If you're fishing a lake with heavy weed cover like Okeechobee, you'll also want the heavier gear to wrestle those big largemouths out of the cover.

When it comes to lures for big Florida bass, jigs in crawfish colors, soft jerkbaits, big topwaters, and spinnerbaits are go-to staples.

Where to Fly in

Most anglers to head to Florida are likely going to fly in because it's the quickest way to get there, especially if you live on the other side of the country.

If you're planning to fish the Gulf of Mexico, a good central location is Tampa. There are plenty of charters based out of Tampa and up and down the coast that will take you out into the Gulf. A more northerly option is Tallahassee International Airport. Even though this is the capital of Florida we're talking about, the airport is small and modest. It's about a 40-mile drive to the coast from there.

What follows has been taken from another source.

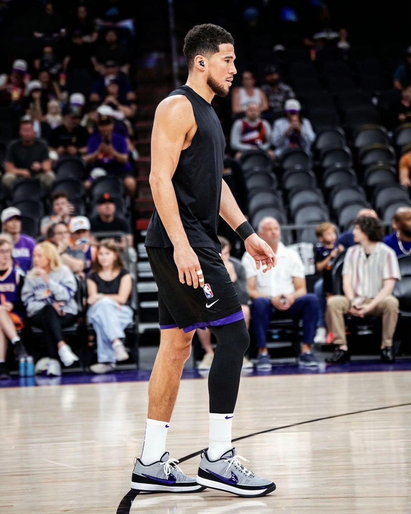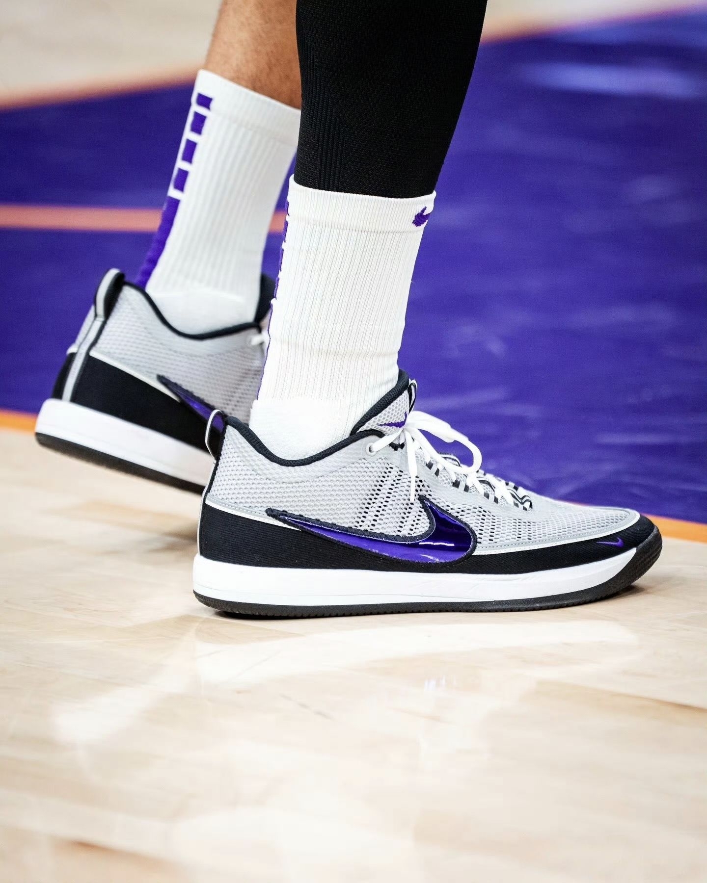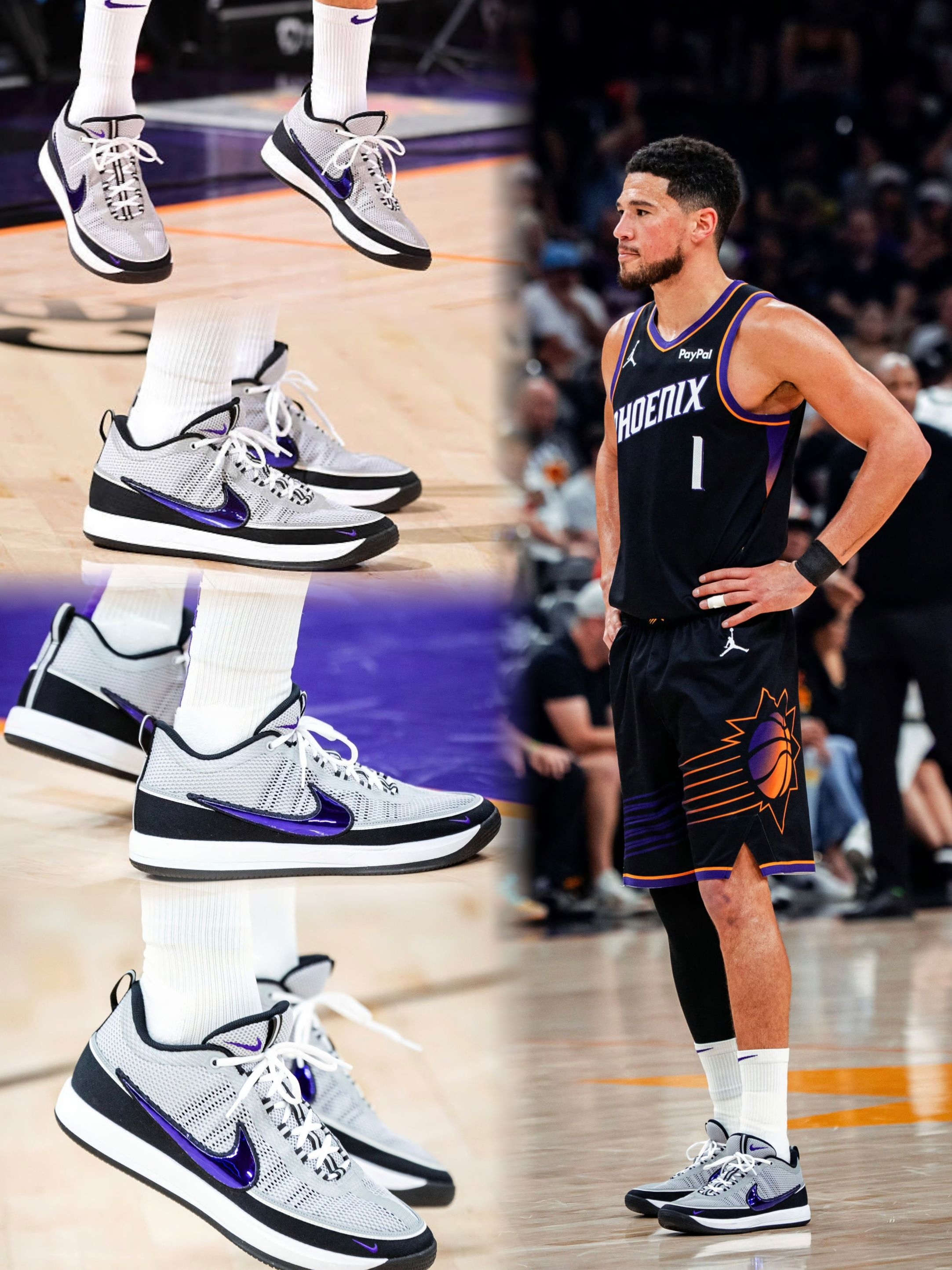 今日NBA常规赛太阳105-108不敌雄鹿。 本场比赛,太阳队球员德文-布克出战35分钟,投篮17中4,三分球5中2,罚球5中4,得到14分4篮板7助攻2抢断1盖帽。 比赛中,布克上脚灰紫色Nike BOOK2“Purple Spiridon”PE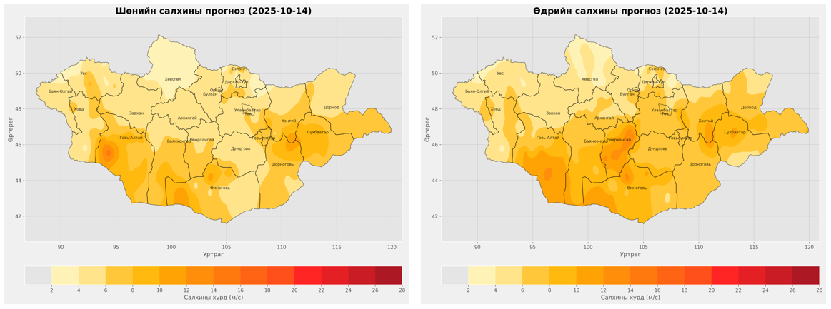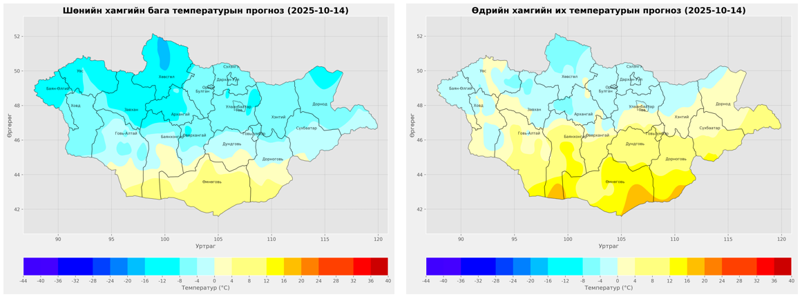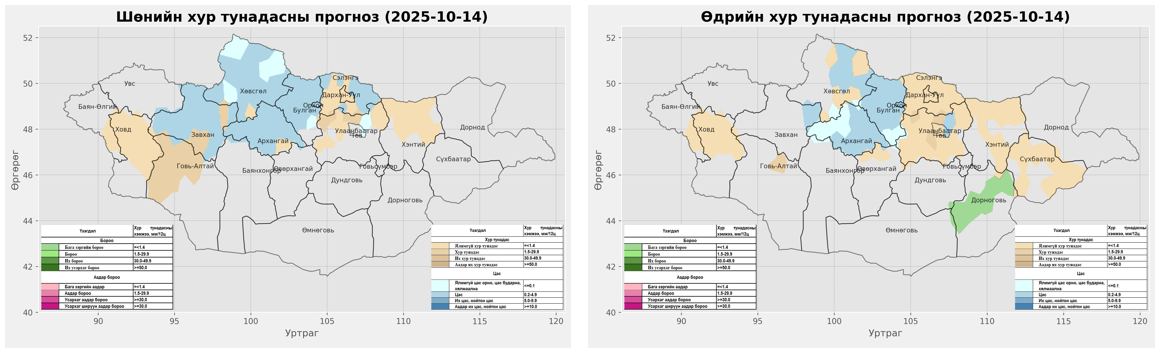 2025 оны 10-р сарын 13-ны 20 цагаас 2025 оны 10-р сарын 14-ний 20 цаг хүртэлх цаг агаарын урьдчилсан мэдээ:

If you're looking to fish the Florida Keys, the Everglades or Lake Okeechobee, you'll likely be faced with the choice of Miami International or Fort Lauderdale. Normally, it's cheaper to fly into Fort Lauderdale, but Miami is closer to the fishing action in the Keys.

Another popular freshwater hotspot is Lake Kissimmee. Many people who go here might first look at flying into Orlando International. We'd advise against that if you want to avoid tourists, since this is where everyone flies in to for Walt Disney World.

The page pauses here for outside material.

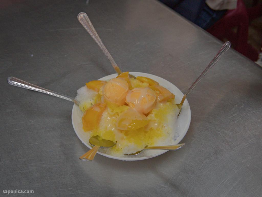 そこでマンゴーかき氷を1つ注文。先ほどタピオカミルクティーを飲んだばかりなのでお腹も減っておらず、5人で1つ。一皿にスプーンをつけてくれた。お店の方には申し訳ない…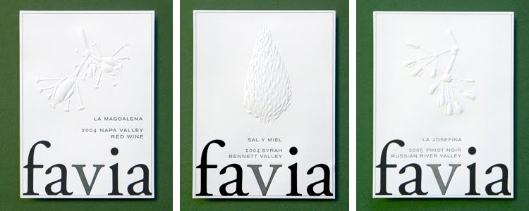 Favia, incidentally one of my favorite wines, uses blind embossing for the images used on the different labels so that the very simple, bold word is what always pops.

Instead, consider Orlando Melbourne, which is a smaller airport that generally costs less to fly into, and it has better reviews for service.

Towns to Stay

Getting away from the tourists in Florida is easier said than done, especially in the popular fishing areas. If you're fishing Lake Okeechobee, check out the smaller communities of Lakeport or Clewiston. These areas have fewer lodging options, but they're also usually cheaper and quieter than Okeechobee.

For the Lake Kissimmee area, options on hotels are fewer right near the lake. You'll probably be looking at staying in the Lake Wales area or renting a cabin or cottage somewhere closer. There are also campgrounds in the area, so taking or renting an RV is an option. Lake Kissimmee State Park is one popular camping location.

If you're fishing the Keys, it's again hard to avoid tourists. You could consider staying in Homestead, Florida, about a 20-mile drive from Key Largo. It'll save you a little bit of money if you don't mind driving.

Two other popular fishing destinations in the Keys are Marathon and Islamorada. There is no shortage of fishing charters in either.

In the north Florida panhandle, check out some of the small towns like Destin and Seaside between Pensacola and Tallahassee for plenty of charters, but fewer tourists than other coastal areas of Florida.

One of the difficult things about the Tampa or Miami areas is finding places not overrun with people already. South of Tampa check out the Venice or Gasparilla Island areas where there are plenty of fishing guides willing to take you out for a half or full day of fishing, but slightly less tourists.

The eastern coast poses a real challenge to get away from people, but check out Vero Beach between Melbourne and Palm Beach as an option near Miami.

As an added tip, when finding a place to stay, don't be afraid to look beyond hotels and check rental sites like Airbnb, especially if you're bringing a group of friends. The initial price of renting a home for a week can seem pricey at first, but if you split it four or more ways, you might find you'll be able to extend the length of your stay.